Répartition et habitat
On trouve la loutre féline sur les littoraux du sud-ouest de l'Amérique du Sud, à proximité des côtes et dans les zones intertidales du nord du Pérou, depuis le port de Chimbote, le long de toute la côte du Chili, et jusqu'aux extrémités méridionales de l'Argentine[17]. Des observations occasionnelles d'individus errants ont été signalées aussi loin que les Îles Malouines.[réf. nécessaire]

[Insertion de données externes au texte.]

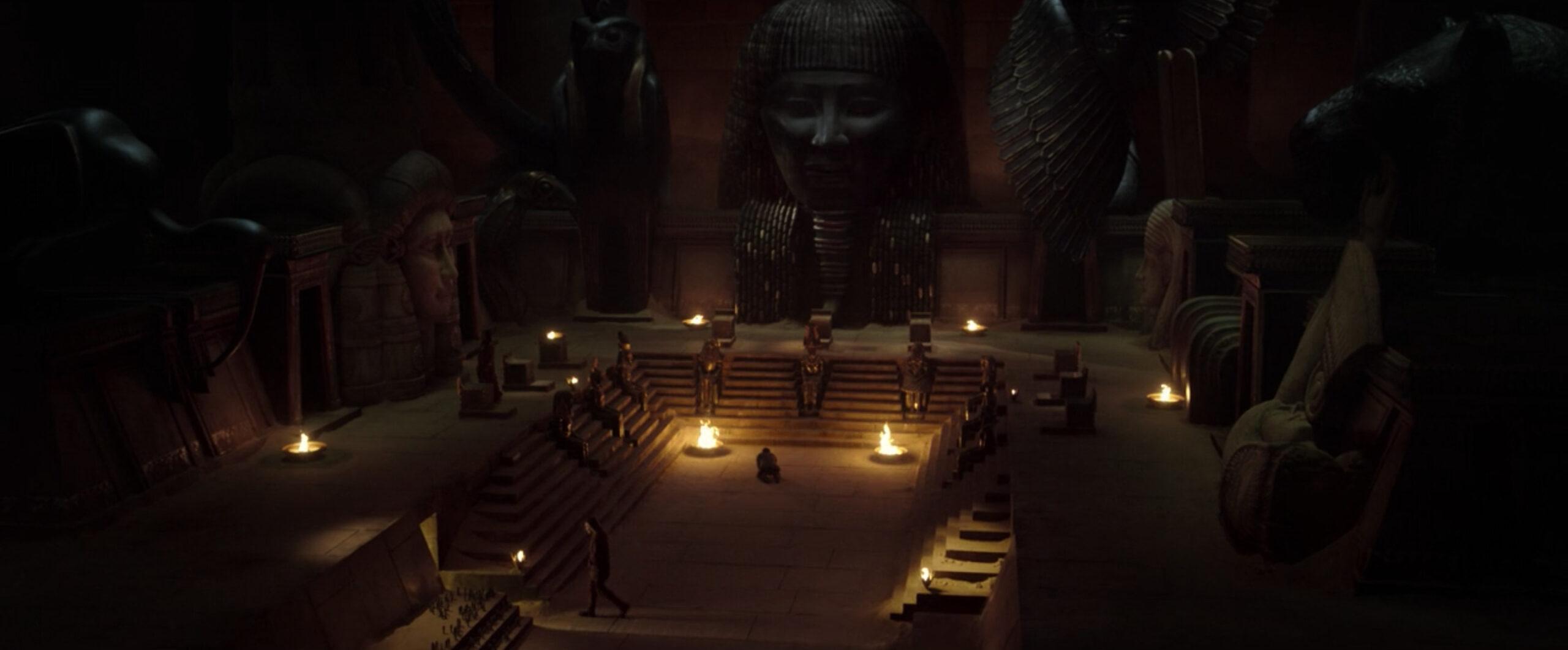 Given how impressive the production design looks inside the Great Pyramid of Giza, along with the gravity of meeting ancient gods, the scene itself is somewhat disappointing and uninspired. As Khonshu answers to his angry contemporaries and calls upon Harrow to answer for his conspiracy to free Ammit, the gods themselves are presented as their human avatars, undercutting the excitement and allure of featuring the gods in the first place. The whole sequence feels almost procedural in its attempt to move the plot along, and Khonshu and Marc are also frustratingly unprepared to lay out their case against Harrow. (Harrow’s Mandarin might leave a lot to be desired, but the guy would apparently make for a decent lawyer in light of the quick work he makes of Khonshu and Marc.)
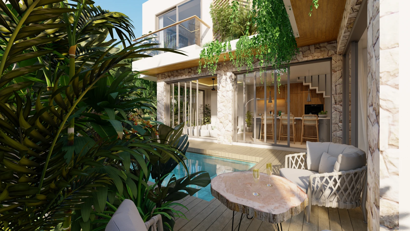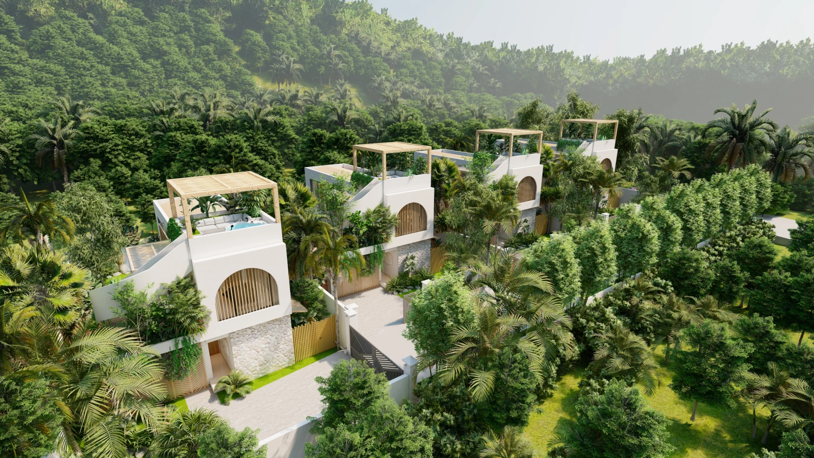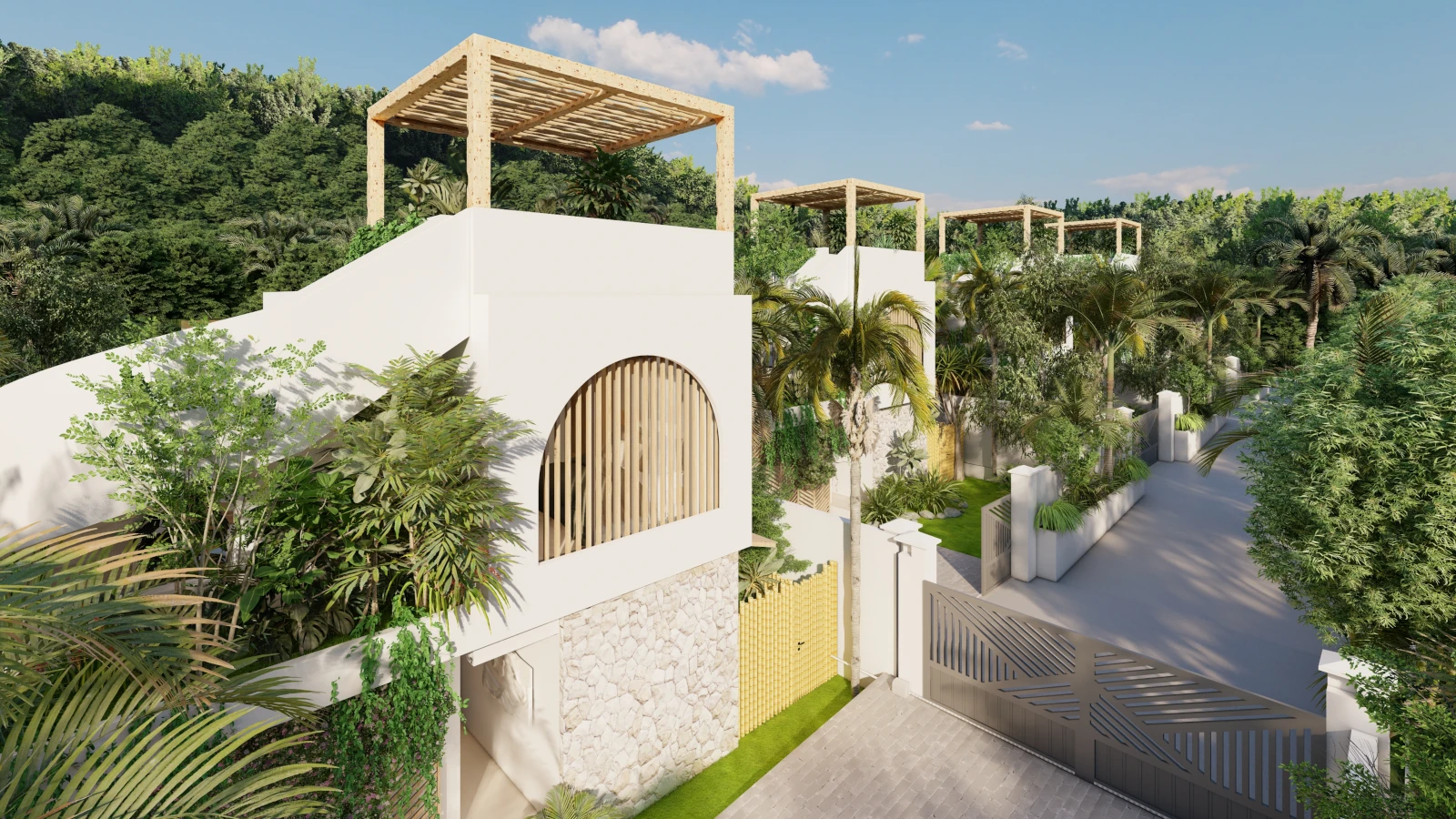 Modern architecture with private pools, lush gardens, and rooftop sea views.
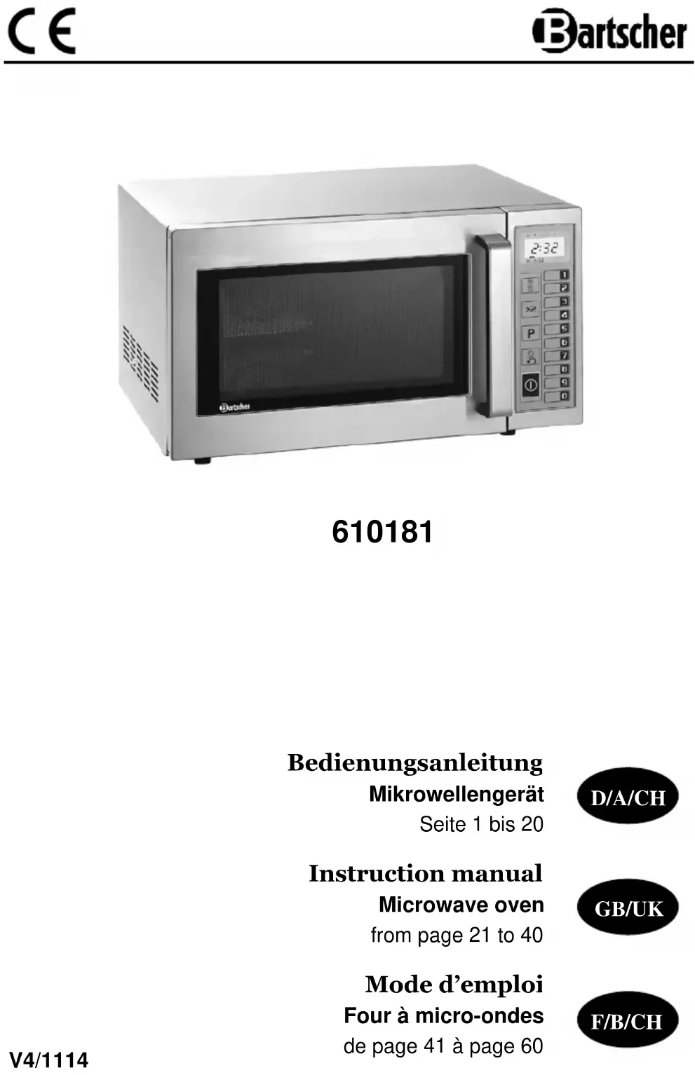 DIG 25l - Four à micro-ondes BARTSCHER - Notice d'utilisation et mode d'emploi gratuit
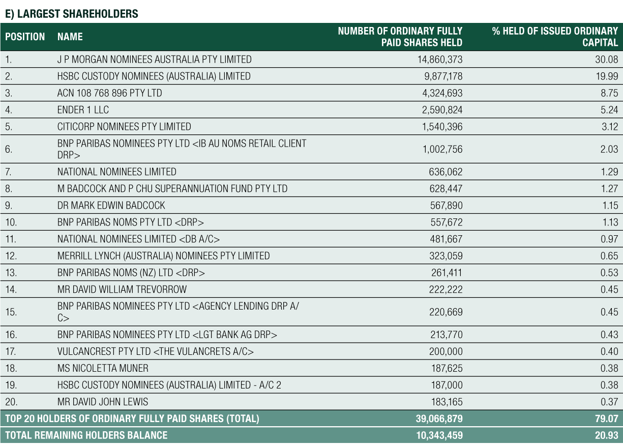 E) Largest shareholders
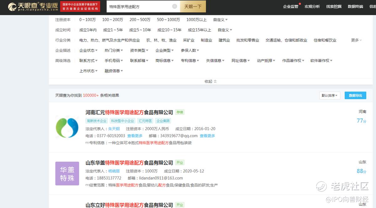再加上新政的出台在某种程度上又会进一步加快国产特医食品的规模化上市的速度,而特医食品新玩家的大量涌入可能会在一定程度上对纽迪希亚们现在的市场地位造成二次冲击。事实上,在天眼查APP上搜索“特殊医学用途配方”关键词,可以发现目前该赛道已有超10万家相关企业。
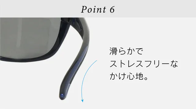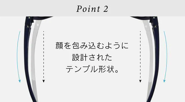 テンプルの先はスムーズにかけられるようにカーブした形状で、装着時にこめかみに引っかかるストレスを解消します。
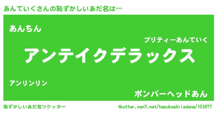 | ヒーロー風カッコイイあだ名 | 『最強戦士アンテイク』『仮面アンダー』 |
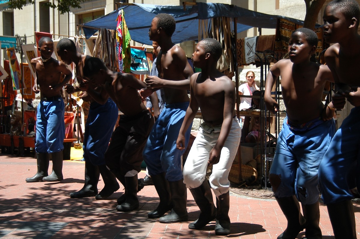 Performers of various types also frequented the street corners and open areas. This group was doing a dance similar to the one we saw while visiting the Amy Biehl foundation. Several groups of very skilled musicians could also be found around the market. Until today, I never knew that a kazoo could be played to sound like an alto saxophone.

Elle habite principalement les côtes rocheuses riches en algues et en kelp, et visite rarement les estuaires ou les rivières à l’intérieur des terres. Contrairement à de nombreuses autres loutres qui préfèrent les eaux calmes, elle semble sélectionner des habitats fortement exposés aux vents et à la houle. Les grottes et les crevasses des rivages rocheux lui offrent l'abri nécessaire ; souvent, son terrier n'a aucun accès terrestre à marée haute. La loutre féline évite les plages de sable.
Comportement et écologie


Les zones rocheuses intertidales avec des crevasses naturelles sont idéales pour ses tanières et ses zones de nourrissage. Comme elle passe la majeure partie de son temps cachée dans des grottes, son comportement est difficile à observer. La loutre féline évite activement les humains. En réaction à l'activité humaine, elle passe moins de temps sur les côtes et s'éloigne de son terrier durant la journée pour se réfugier dans des anfractuosités inaccessibles[18]. Malgré cette prudence, sa présence dans certains villages de pêcheurs indique une certaine capacité d'adaptation à l'urbanisation[19].
Reproduction
La loutre féline peut être monogame ou polygame, et l'accouplement a lieu en décembre ou janvier. Des portées de deux à cinq loutrons naissent en janvier, février ou mars après une période de gestation de 60 à 70 jours. Les petits restent avec leur mère pour environ 10 mois de soins parentaux. On peut parfois les voir sur le ventre de leur mère alors qu'elle nage sur le dos, un comportement similaire à celui de la loutre de mer. Les parents apportent de la nourriture aux petits et leur apprennent à chasser.
Alimentation
Des études ont montré des variations latitudinales dans le régime alimentaire et les périodes de plongée. Dans le sud du Chili, elles se nourrissent principalement de poissons, tandis que dans le nord, elles consomment surtout des crustacés et des mollusques[20]. Sur l'Isla La Vieja au Pérou, elles s'attaqueraient régulièrement à une colonie de puffinures de Garnot[21]. En 2009, un individu a été observé chassant un poussin de Brassemer de Patagonie à Puñihuil[21]. L'espèce fait preuve d'un comportement alimentaire opportuniste, consommant parfois de petits mammifères et même les fruits de plantes comme Greigia sphacelata ou Fascicularia bicolor[21].
Menaces
L'activité humaine sur les côtes perturbe les loutres félines. L'introduction d'animaux domestiques peut déranger leurs tanières et exposer les populations à des maladies[18]. Elles peuvent également se retrouver piégées dans des filets de pêche et se noyer[21]. Des microplastiques ont été retrouvés dans leurs excréments[22]. Les effets de ces microplastiques sur les mammifères marins restent encore flous.
Compétition et prédation
Les goélands et les otaries à crinière peuvent entrer en compétition avec la loutre féline pour les proies, ces dernières étant même connues pour attaquer les loutres[21]. Les orques et les requins sont des prédateurs présumés, bien qu'aucune attaque directe n'ait été observée[21].
Parasites
L'espèce est sensible à l'infection par Toxoplasma gondii le long des côtes chiliennes[23]. Cependant, la Séroprévalence y est plus faible que chez d'autres mustélidés comme la Loutre du Chili ou le Vison d'Amérique, probablement en raison de l'aridité de l'environnement[23]. Des nématodes et des acanthocéphales sont également des endoparasites connus de l'espèce[21].
Statut de conservation
Les loutres félines sont rares et protégées par les lois péruviennes, chiliennes et argentines[17]. Par le passé, elles ont été intensivement chassées pour leur fourrure et en raison d'une prétendue compétition avec les pêcheries. La chasse les a fait disparaître de la majeure partie de l'Argentine et des îles Malouines. Le braconnage reste un problème d'une ampleur inconnue.
On ignore combien d'individus subsistent à l'état sauvage. L'espèce a été inscrite à l'Annexe I de la CITES en 1976[24] et est considérée comme en danger selon l’UICN[25].